Weihnachten ist die Hoch-Zeit der Geschenke. Das gilt natürlich im privaten Bereich, aber auch im Geschäftsleben. Über Geschenke freut sich jeder – ganz besonders zu Weihnachten. Dabei ist es unerheblich, ob sie zur Imagepflege, zur Kundenbindung oder ganz allgemein zur Pflege der (geschäftlichen) Kontakte gegeben werden.

Allerdings redet das Finanzamt – jedenfalls im betrieblichen Bereich – ein gewichtiges Wörtchen mit. Denn eigentlich sind Geschenke vom Betriebsausgaben-Abzug ausgeschlossen. Nur Geschenke an Geschäftsfreunde bis 10 € („Streuartikel“) erkennt das Finanzamt ohne Wenn und Aber an (aber finden Sie in der Preislage erst einmal etwas, was toll aussieht und den Empfänger erfreut).

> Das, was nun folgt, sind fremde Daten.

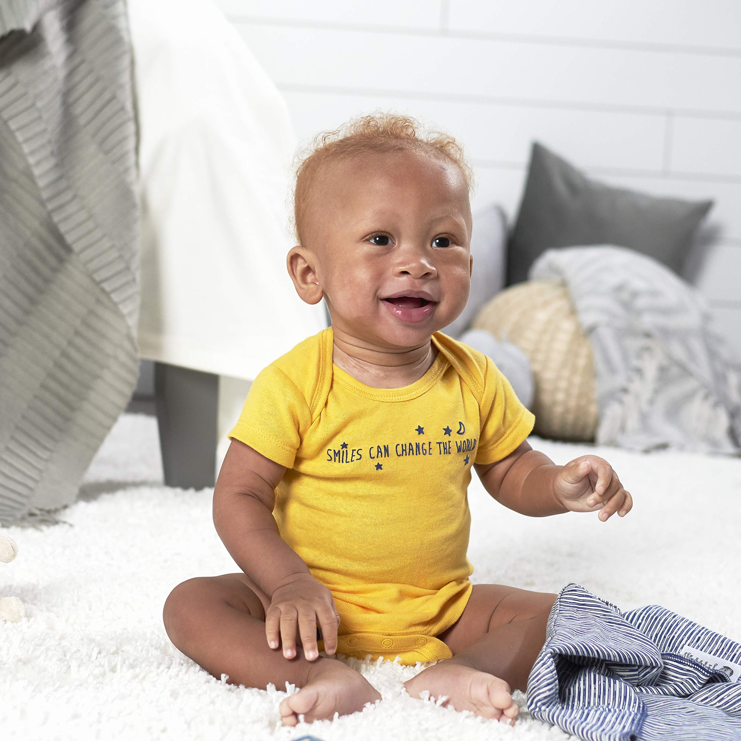Your little boy will start the day looking his best dressed in one of these Gerber Onesies brand short sleeve bodysuits! Moms and dads will appreciate the higher-in-the-front bottom nickel-free snaps closure that makes for fast and easy diaper changes. 100% cotton rib for breathability and comfort. Mix and match with your favorite bottoms to create a complete look. An essential item for new parents, great for gift giving.
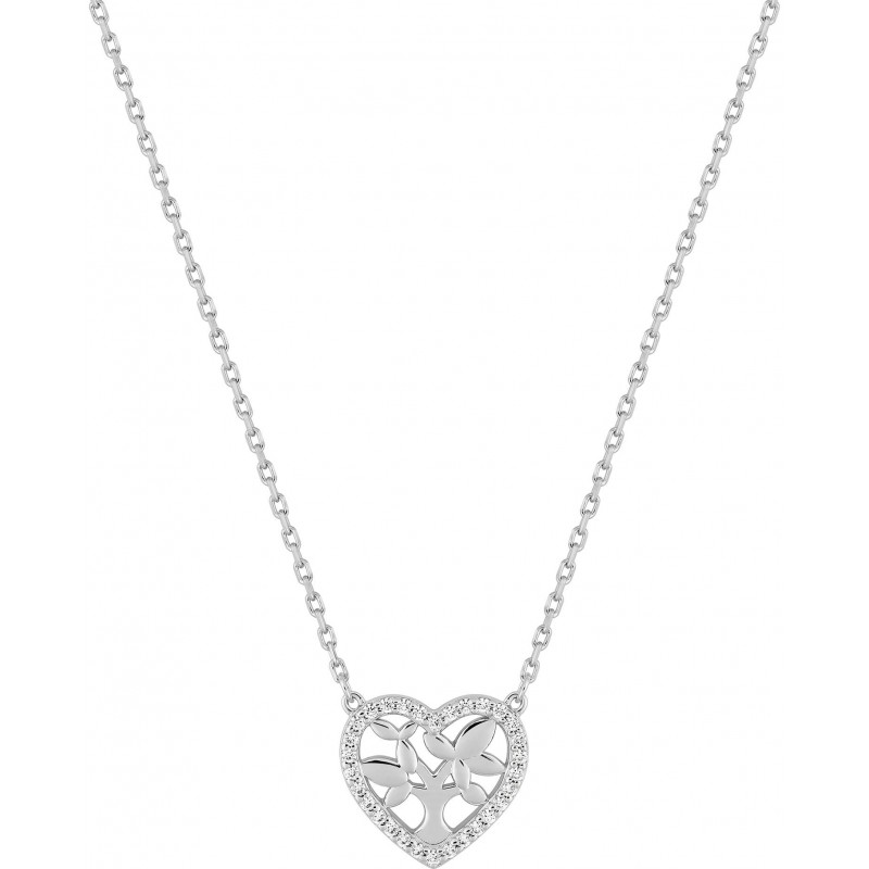 Collier en argent 925/1000 rhodié avec pendentif coeur sertis d'oxydes de zirconium sur chaine maille forçat. Fermoir anneau ressort. Longueur ajustable de 40cm à 45cm. Poids: 2.30g

Allerdings: wenn das schenkende Unternehmen eine pauschale Steuer von 30 Prozent übernimmt, muss der Empfänger des höherwertigen Geschenks den Wert nicht versteuern - und das Finanzamt ist auch zufrieden.

Bei Mitarbeitern sind im übrigen Geschenke bis 40 € steuerfreie Aufmerksamkeiten; nur wenn der Wert höher ist, müssen für den Arbeitnehmer Lohnsteuer und Sozialversicherung abgeführt werden. Das lässt sich jedoch auch vermeiden, wenn der Arbeitgeber für dieses Geschenk die pauschale Steuer von 30 Prozent zahlt.

Also, liebe Unternehmer: nutzen Sie diese steuerlichen Möglichkeiten und bereiten Sie Ihren Mitarbeitern und Geschäftspartnern ungetrübte Freude. Frohe Weihnachten!